The \(\text{pOH}\) scale measures the alkalinity, or basicity, of an aqueous solution. This measurement is directly related to the concentration of hydroxide ions (\(\text{OH}^-\)) present in the water. The \(\text{pOH}\) value is derived mathematically using the negative logarithm of this ion concentration. It is useful when analyzing solutions containing bases, as the hydroxide ion is the defining chemical species for alkalinity.
Calculating pOH Directly from Hydroxide Concentration
The most direct method for determining the \(\text{pOH}\) of a solution is by measuring the concentration of hydroxide ions. This calculation uses the formula \(\text{pOH} = -\log[\text{OH}^-]\). The brackets \([\text{OH}^-]\) represent the concentration of the ion in moles per liter, or molarity (\(\text{M}\)).
For instance, consider a solution where the concentration of \(\text{OH}^-\) is \(1.0 \times 10^{-5} \text{ M}\). Applying the negative logarithm function to this value yields a result of \(5.0\). A solution with this concentration has a \(\text{pOH}\) of \(5.0\).

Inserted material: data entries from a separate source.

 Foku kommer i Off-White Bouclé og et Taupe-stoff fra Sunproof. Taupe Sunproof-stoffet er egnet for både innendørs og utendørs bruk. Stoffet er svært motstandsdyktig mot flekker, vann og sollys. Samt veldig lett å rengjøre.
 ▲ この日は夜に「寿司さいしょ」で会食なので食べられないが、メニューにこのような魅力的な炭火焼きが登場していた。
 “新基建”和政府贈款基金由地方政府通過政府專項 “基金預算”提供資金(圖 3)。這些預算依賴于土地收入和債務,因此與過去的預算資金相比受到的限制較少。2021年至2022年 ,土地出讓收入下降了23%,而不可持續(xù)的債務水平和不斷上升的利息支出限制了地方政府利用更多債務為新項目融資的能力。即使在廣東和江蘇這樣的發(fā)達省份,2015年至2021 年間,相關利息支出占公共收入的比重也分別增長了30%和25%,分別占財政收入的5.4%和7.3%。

For another example, if a strong base solution yields an \([\text{OH}^-]\) of \(4.82 \times 10^{-5} \text{ M}\), the calculation is \(\text{pOH} = -\log(4.82 \times 10^{-5})\). Entering this into a scientific calculator gives a \(\text{pOH}\) value of \(4.32\). Lower \(\text{pOH}\) numbers correspond to higher basicity.
Calculating pOH from pH
If the \(\text{pH}\) of an aqueous solution is already known, the \(\text{pOH}\) can be calculated using a simple algebraic relationship. This method relies on the fact that the sum of \(\text{pH}\) and \(\text{pOH}\) is a constant value in water-based systems. At the standard temperature of \(25^{\circ}\text{C}\), this constant sum is \(14.00\).

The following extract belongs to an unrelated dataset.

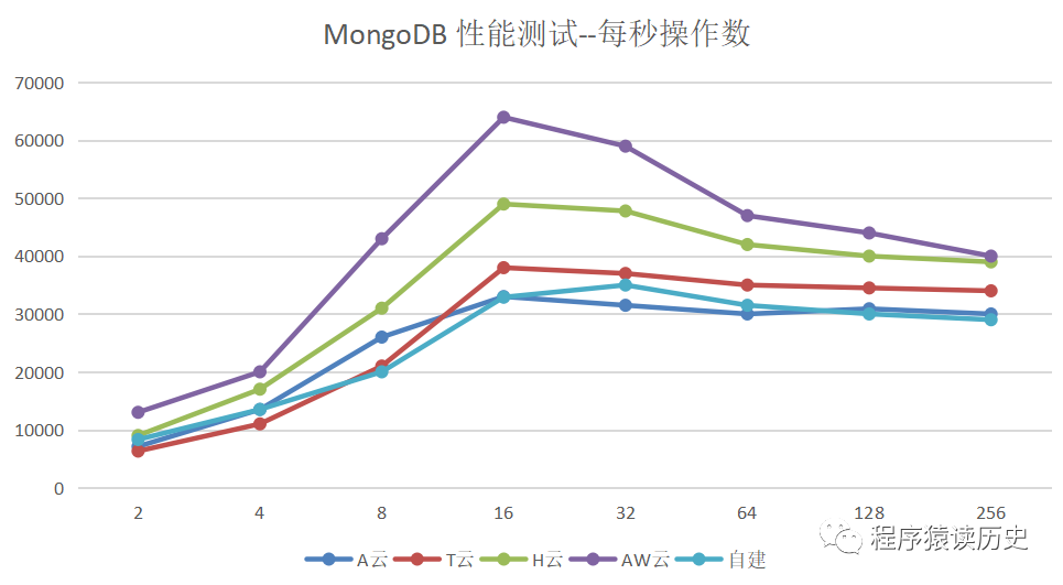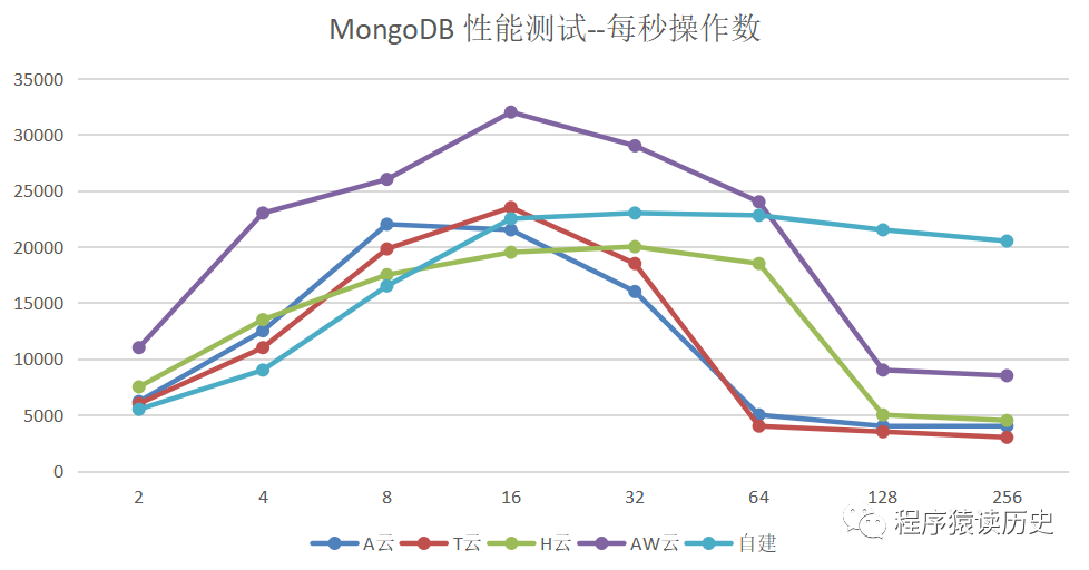 每秒操作数一开始随着线程数的增加而增大,到达一定线程数后,每秒线程数下降。最大值均出现在16个线程时。 当线程数到达16时,各家云厂商的产品CPU负载均到达了95%以上。 当线程数到达32时,平均RT是负载较低时的10倍左右。 50%写50%读场景,数据库每秒操作数降低了2倍左右,RT也增长了2倍左右。 自建的MongoDB在性能上,和同规格的阿里云、腾讯云并没有太大差异,性能基本相同。

The relationship can be expressed as the formula \(\text{pH} + \text{pOH} = 14.00\). To isolate the \(\text{pOH}\) value, the formula can be rearranged to \(\text{pOH} = 14.00 – \text{pH}\). This equation allows for a quick conversion between the two scales without needing to calculate ion concentrations.
For instance, consider a solution with a measured \(\text{pH}\) of \(8.5\). Applying the conversion formula, the \(\text{pOH}\) is calculated as \(14.00 – 8.5\), resulting in a \(\text{pOH}\) of \(5.5\). Similarly, a more acidic solution with a \(\text{pH}\) of \(4.0\) would have a \(\text{pOH}\) of \(10.0\).

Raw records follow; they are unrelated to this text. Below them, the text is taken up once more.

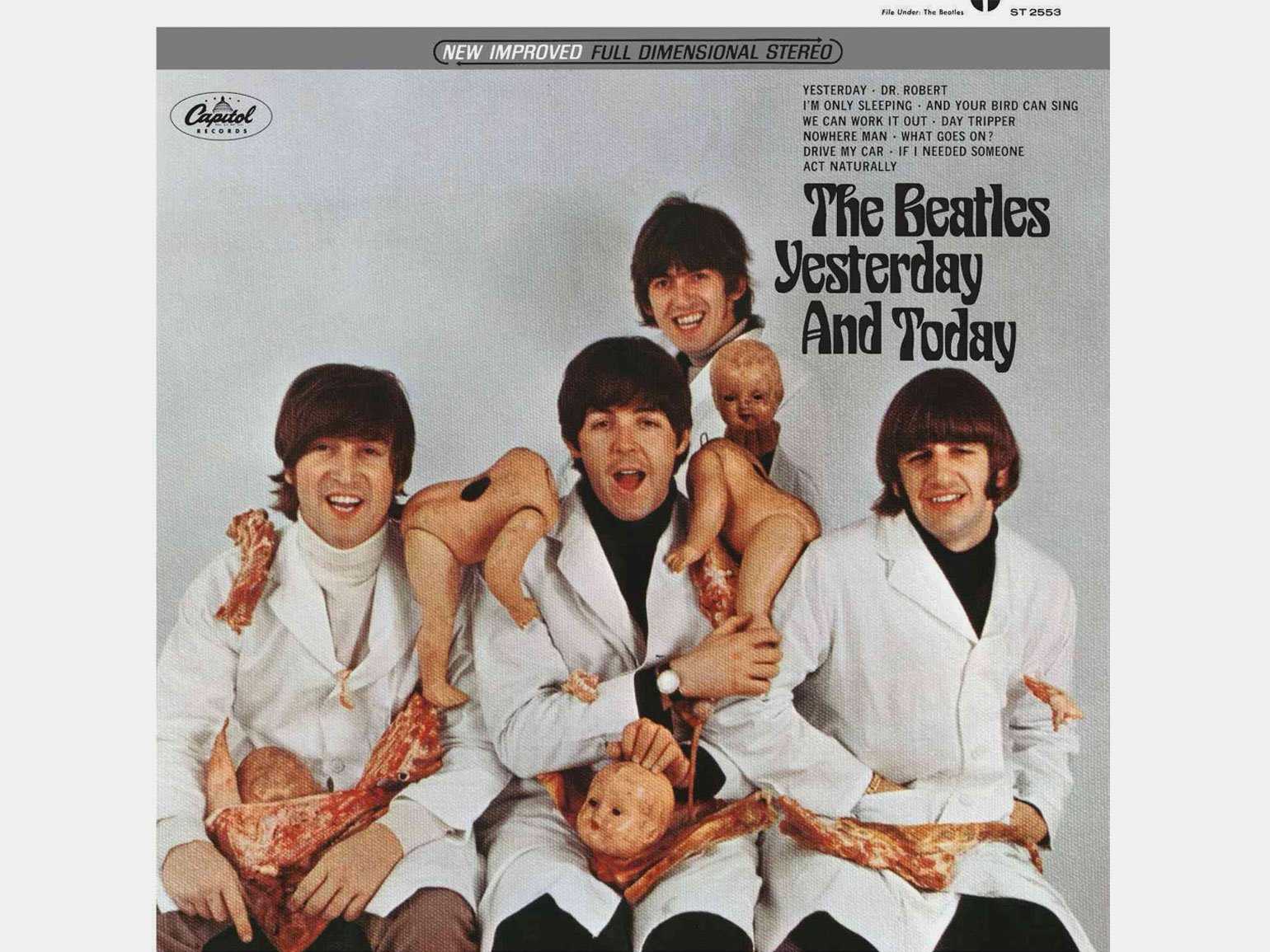 Одну из самых скандальных обложек пластинок The Beatles можно отнести к произведениям концептуального искусства. Альбом Yesterday and Today был выпущен в 1966 году в США, и фотографию для его обложки сделал Роберт Уитакер — штатный фотограф The Beatles в шестидесятые годы. Он снимал концерты группы в Нью-Йорке на стадионе Ши и последние международные гастроли музыкантов. Уитакер сотрудничал с журналом Vogue и Time, документировал Вьетнамскую войну и вооружённый конфликт в Камбодже.
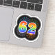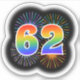This fun, exciting sticker design features a colourful pattern inspired by bursting celebratory fireworks, along with the number "62" featuring a multicolored rainbow inspired spectrum or gradient pattern. A fun sticker like this might be used when celebrating somebody’s sixty second birthday, or perhaps a couple’s sixty second wedding anniversary, or some other 62nd event. [~Z0000362]
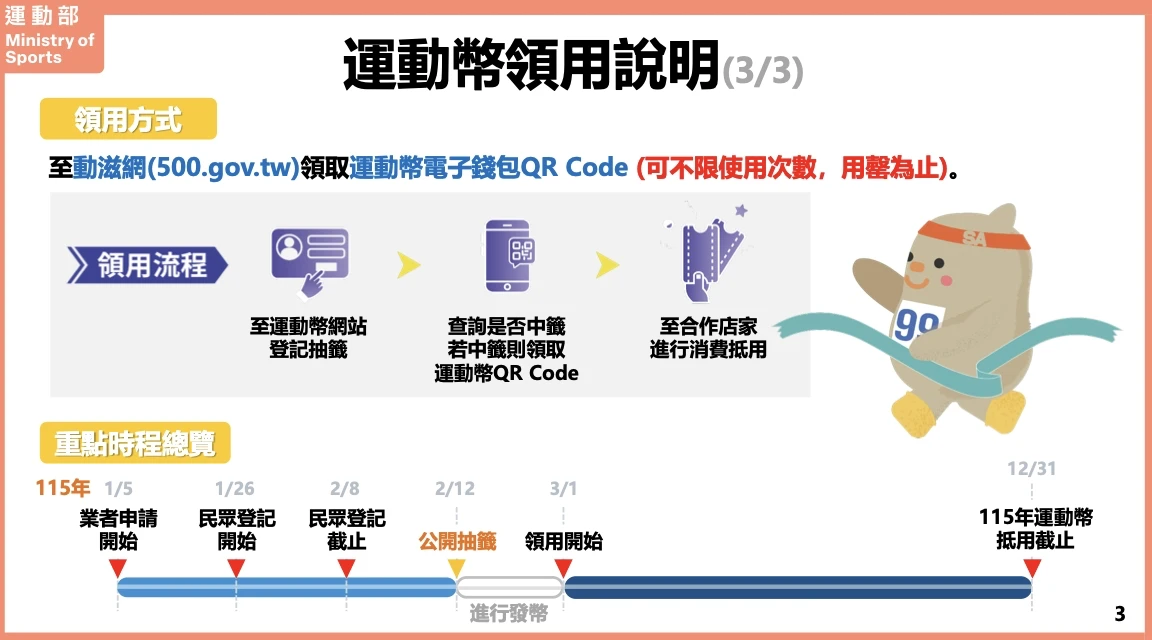 在今日登記截止後,運動部規劃於2月12日(週四)進行公開直播抽籤,以確保流程的公平與透明。幸運中籤的民眾,自今年3月1日起即可前往合作店家進行消費抵用,使用期限將持續至115年12月31日止。目前運動部也持續鼓勵符合資格的「添裝備」相關業者申請成為合作店家,只要經審查通過,即可自3月起收受運動幣。
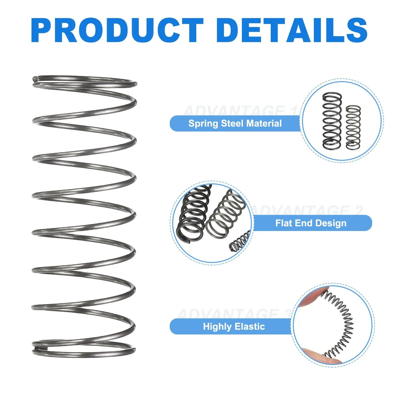 材質:圧縮スプリングはスプリング鋼製で、耐摩耗性、耐久性、耐腐食性、耐熱性、高弾性を備えています。錆びにくく、機械的特性に優れ、長期間使用可能です。

This calculation illustrates the inverse nature of the two scales: as the \(\text{pH}\) value increases, the corresponding \(\text{pOH}\) value decreases. The constant sum of \(14.00\) ensures that a change in the concentration of one ion is always balanced by an opposite change in the other. This simple subtraction is often the quickest path to finding \(\text{pOH}\) when a \(\text{pH}\) meter reading is available.
Understanding the Constant: The Ion Product of Water
The constant relationship between \(\text{pH}\) and \(\text{pOH}\) originates from the autoionization of water molecules. In pure water, a small number of molecules spontaneously react with each other, resulting in the formation of hydronium ions (\(\text{H}^+\)) and hydroxide ions (\(\text{OH}^-\)). This chemical reaction is an equilibrium process.
The equilibrium constant for this specific reaction is called the Ion Product of Water, symbolized as \(K_w\). The \(K_w\) value represents the product of the molar concentrations of the two ions: \(K_w = [\text{H}^+][\text{OH}^-]\). At \(25^{\circ}\text{C}\), the concentration of both ions in pure water is \(1.0 \times 10^{-7} \text{ M}\), which gives \(K_w\) a standard value of \(1.0 \times 10^{-14}\).
The \(\text{pH} + \text{pOH} = 14\) rule is derived directly from this \(K_w\) value through a logarithmic transformation. Taking the negative logarithm of the \(K_w\) expression yields the equation \(-\log(K_w) = -\log([\text{H}^+]) + (-\log([\text{OH}^-]))\). This simplifies to \(\text{p}K_w = \text{pH} + \text{pOH}\). Since \(-\log(1.0 \times 10^{-14})\) equals \(14\), the sum of \(\text{pH}\) and \(\text{pOH}\) is \(14\) at \(25^{\circ}\text{C}\).
\(K_w\) is an equilibrium constant, and its value changes with temperature. Increasing the temperature causes more water molecules to ionize, increasing the concentration of both \(\text{H}^+\) and \(\text{OH}^-\), thus increasing the value of \(K_w\). For example, at \(60^{\circ}\text{C}\), the sum \(\text{pH} + \text{pOH}\) is approximately \(13.0\). While the \(\text{pH} + \text{pOH} = \text{p}K_w\) relationship is always true, the use of the number \(14\) is only accurate at \(25^{\circ}\text{C}\).